Infelizmente (pois, me pareceu decepcionante, de fato – além de que é uma espécie de “dar o braço a torcer” a pessoas que antes julguei exageradas), para mim já ficou claro, com o que li (tanto que, a preguiça já me diz que nem preciso ler mais, nem preciso terminar de ler o Corão, o que li já basta…) que, invariavelmente, não há “acordo” possível. Minhas pré-disposições oriundas de um otimismo místico guénoniano se foram de uma vez. Como cerrar fileiras com isto?! E vejam que não quero entrar nas questões históricas do que politeístas sofreram ou que estão a sofrer (hindus, politeístas indo-europeus, familiares religiosos nossos, por exemplo) neste momento.

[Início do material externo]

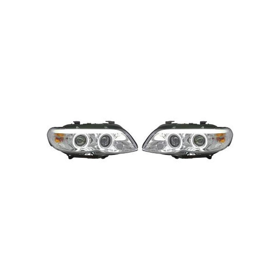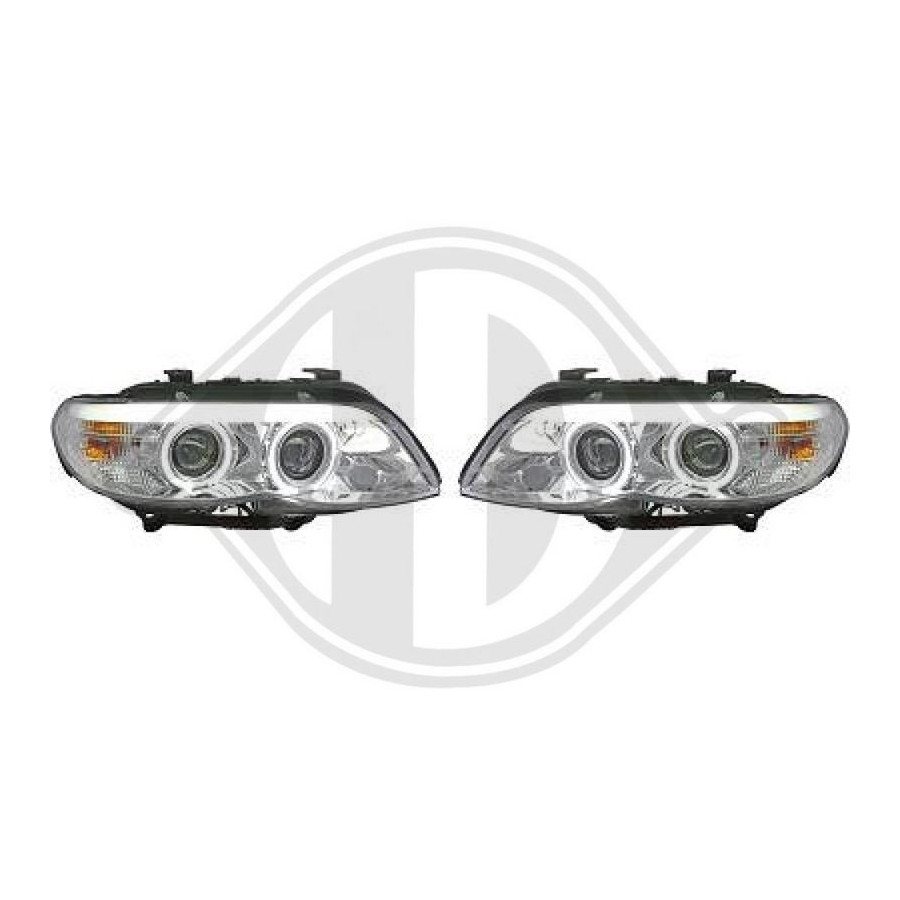 Färg Krom Glasklar Garanti 2 år Applikation Strålkastare sida Uppsättning Lamptyp Halogen Utförande För fordon med strålkastarjustering Version Angel eyes Belysningsfunktion Med varselljus -
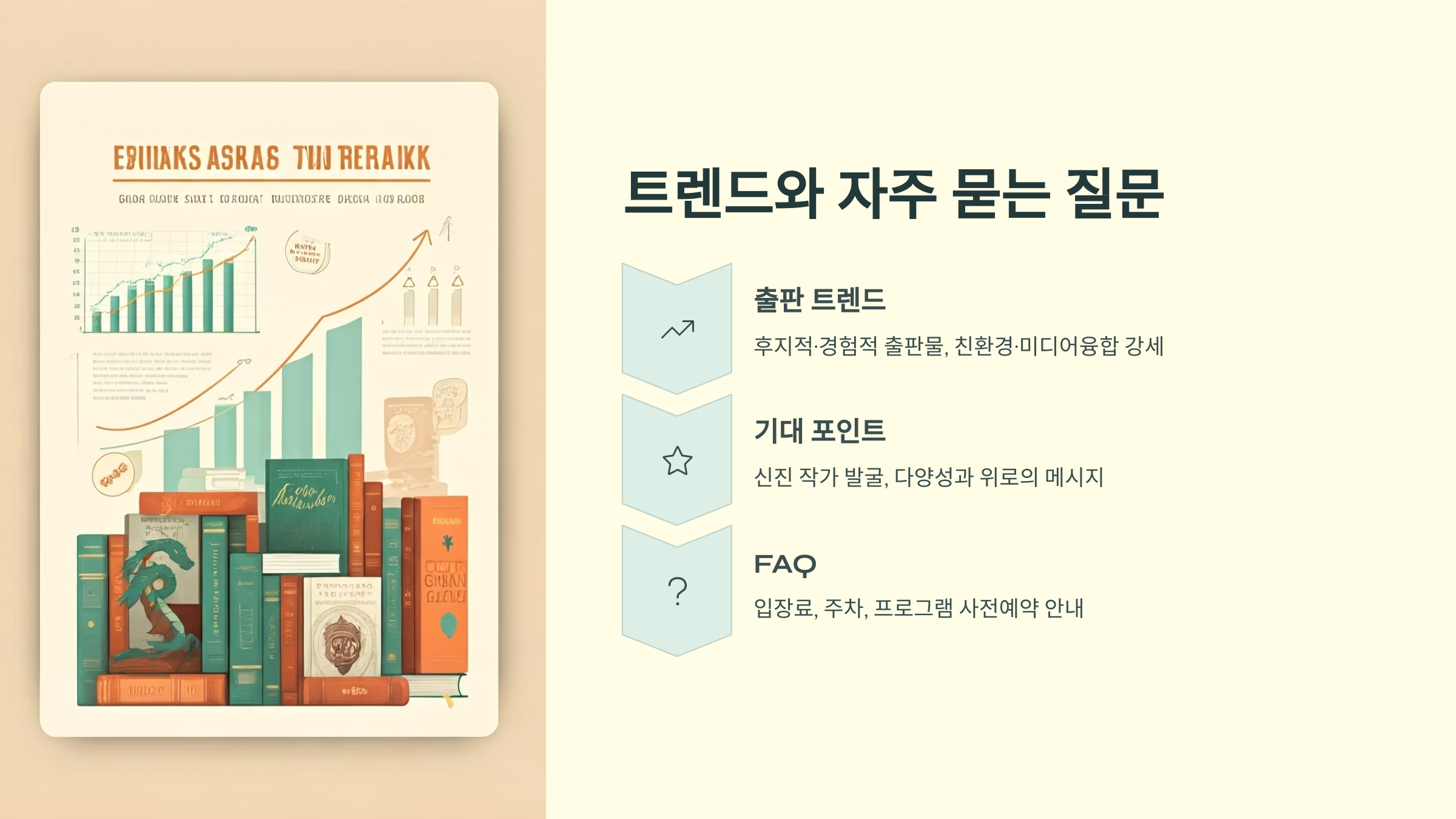 🎤 작가와 직접 대화할 수 있는 ‘북사인회’와 ‘1:1 작가상담’도 큰 인기를 끌 전망이에요. SNS 이벤트로 당첨된 관람객은 작가와 오붓하게 책 이야기를 나눌 수 있는 기회까지 있어요. 이런 생생한 경험은 일반적인 도서관이나 서점에선 쉽게 얻기 어렵죠.

Quando decidi postar isto cá, pensei por um bom tempo se, ao invés de uma postagem deste tipo eu não deveria simplesmente sair copiando e colando versículos de suratas que, no meu ver, falam por si. Claro que, sempre ficaria aquela conversa de “recortes” fora do contexto e de propaganda da “oposição”, etc. Já que estou terminando esta postagem advogando por um distanciamento. Mas desisti: não é preciso isto, antes é mais prudente pedir aos interessados que leiam e tirem suas próprias conclusões.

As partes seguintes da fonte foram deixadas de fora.